What this task involves: Starting at the line with "Районні практичні психологи" and ending at the line with "年的基础上还有向上拓展的空间，很多人对 8000 年文明充满着期望。", print exactly the lines of the entries below. Pictures do not belong in the copy.

Information given:
::::::::
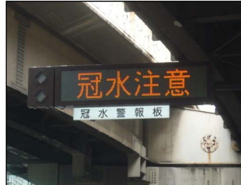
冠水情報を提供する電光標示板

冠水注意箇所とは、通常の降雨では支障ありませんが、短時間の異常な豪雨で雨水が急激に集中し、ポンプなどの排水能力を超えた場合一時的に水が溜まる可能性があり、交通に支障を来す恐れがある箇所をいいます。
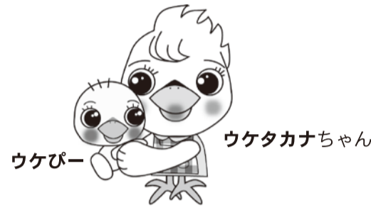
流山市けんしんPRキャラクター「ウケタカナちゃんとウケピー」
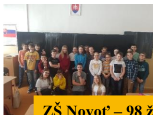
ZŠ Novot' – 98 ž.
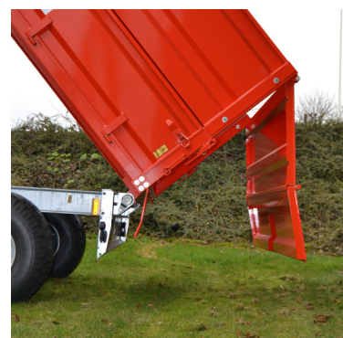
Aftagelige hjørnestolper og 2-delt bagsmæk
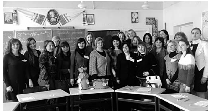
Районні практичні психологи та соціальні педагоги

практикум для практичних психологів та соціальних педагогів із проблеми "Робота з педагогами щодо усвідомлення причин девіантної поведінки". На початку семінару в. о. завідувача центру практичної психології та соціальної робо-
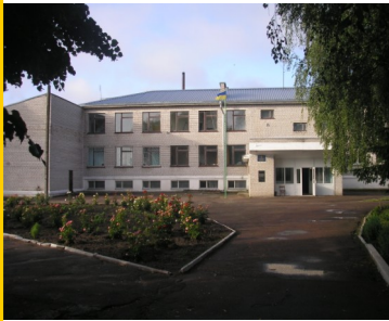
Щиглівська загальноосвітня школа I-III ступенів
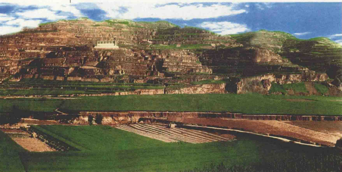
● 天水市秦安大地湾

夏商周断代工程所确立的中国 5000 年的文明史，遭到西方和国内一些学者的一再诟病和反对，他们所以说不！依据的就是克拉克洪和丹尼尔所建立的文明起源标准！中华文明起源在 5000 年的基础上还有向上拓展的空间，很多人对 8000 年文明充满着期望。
::::::::
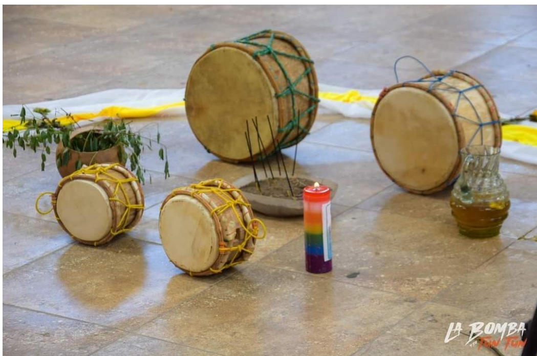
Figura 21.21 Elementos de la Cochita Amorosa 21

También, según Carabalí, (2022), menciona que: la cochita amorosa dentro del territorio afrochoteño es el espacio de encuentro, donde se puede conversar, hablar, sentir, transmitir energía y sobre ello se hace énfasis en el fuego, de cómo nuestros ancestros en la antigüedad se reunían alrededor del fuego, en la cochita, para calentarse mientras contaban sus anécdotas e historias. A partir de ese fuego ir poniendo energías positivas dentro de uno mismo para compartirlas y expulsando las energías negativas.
::::::::
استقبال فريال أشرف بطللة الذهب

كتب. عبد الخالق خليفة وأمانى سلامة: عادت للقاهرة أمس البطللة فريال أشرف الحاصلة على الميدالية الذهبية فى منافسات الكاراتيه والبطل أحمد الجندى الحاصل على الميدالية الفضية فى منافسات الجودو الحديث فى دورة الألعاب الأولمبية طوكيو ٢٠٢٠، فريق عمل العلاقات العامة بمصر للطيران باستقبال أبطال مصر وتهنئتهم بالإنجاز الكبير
::::::::
Response to the exercise:
Районні практичні психологи та соціальні педагоги

практикум для практичних психологів та соціальних педагогів із проблеми "Робота з педагогами щодо усвідомлення причин девіантної поведінки". На початку семінару в. о. завідувача центру практичної психології та соціальної робо-
Щиглівська загальноосвітня школа I-III ступенів
● 天水市秦安大地湾

夏商周断代工程所确立的中国 5000 年的文明史，遭到西方和国内一些学者的一再诟病和反对，他们所以说不！依据的就是克拉克洪和丹尼尔所建立的文明起源标准！中华文明起源在 5000 年的基础上还有向上拓展的空间，很多人对 8000 年文明充满着期望。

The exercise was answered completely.